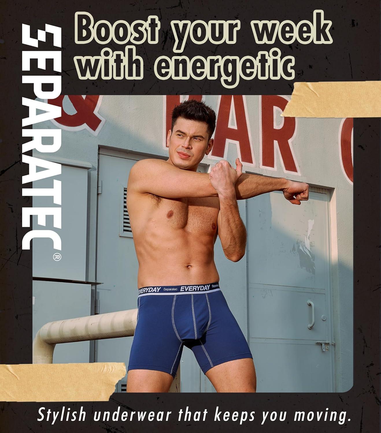 Separatec Cotton Dual Pouch Men’s Underwear Comfortable Soft Breathable Everyday Boxer Briefs for men 7 Pack(Gray Blue/Dark Blue/Olive Green/Black/Dark Gray/Dark Grape Purple/Gray Purple)
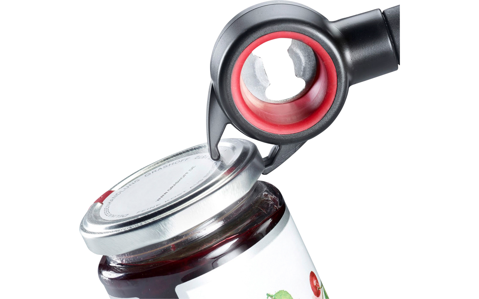 | Passe au lave-vaisselle et s'entretient facilement | Avec œillet de suspension pour un rangement peu encombrant | Ouvre sans effort les couvercles, les capsules, les bouchons vissés | Ouvreur multiple avec poignée confortable Soft-Touch et œillet de suspension |
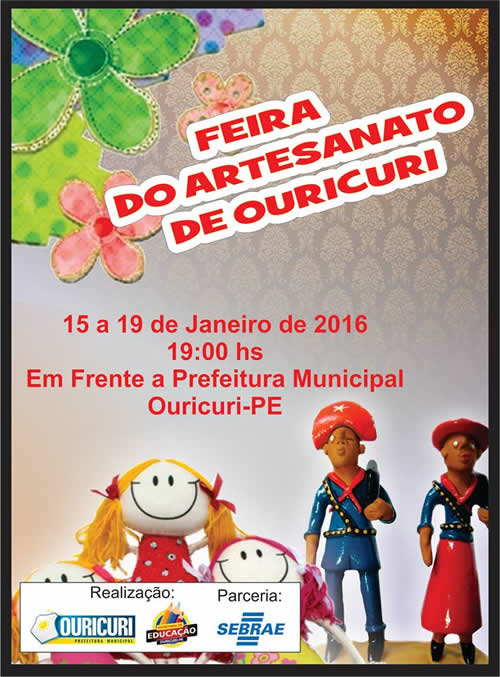 Desta sexta-feira (15) até o dia 19 de janeiro acontecerá mais uma edição da “Feira do Artesanato de Ouricuri”. A feira será realizada durante as novenas do padroeiro São Sebastião e será montada em frente à prefeitura, a partir das 19h.
········
» **WHAT IS NEEDED**: An exact, picture-free copy of the listing above is the goal; write it out now.

» **RESPONSE AREA**:
 Separatec Cotton Dual Pouch Men’s Underwear Comfortable Soft Breathable Everyday Boxer Briefs for men 7 Pack(Gray Blue/Dark Blue/Olive Green/Black/Dark Gray/Dark Grape Purple/Gray Purple)
 | Passe au lave-vaisselle et s'entretient facilement | Avec œillet de suspension pour un rangement peu encombrant | Ouvre sans effort les couvercles, les capsules, les bouchons vissés | Ouvreur multiple avec poignée confortable Soft-Touch et œillet de suspension |
 Desta sexta-feira (15) até o dia 19 de janeiro acontecerá mais uma edição da “Feira do Artesanato de Ouricuri”. A feira será realizada durante as novenas do padroeiro São Sebastião e será montada em frente à prefeitura, a partir das 19h.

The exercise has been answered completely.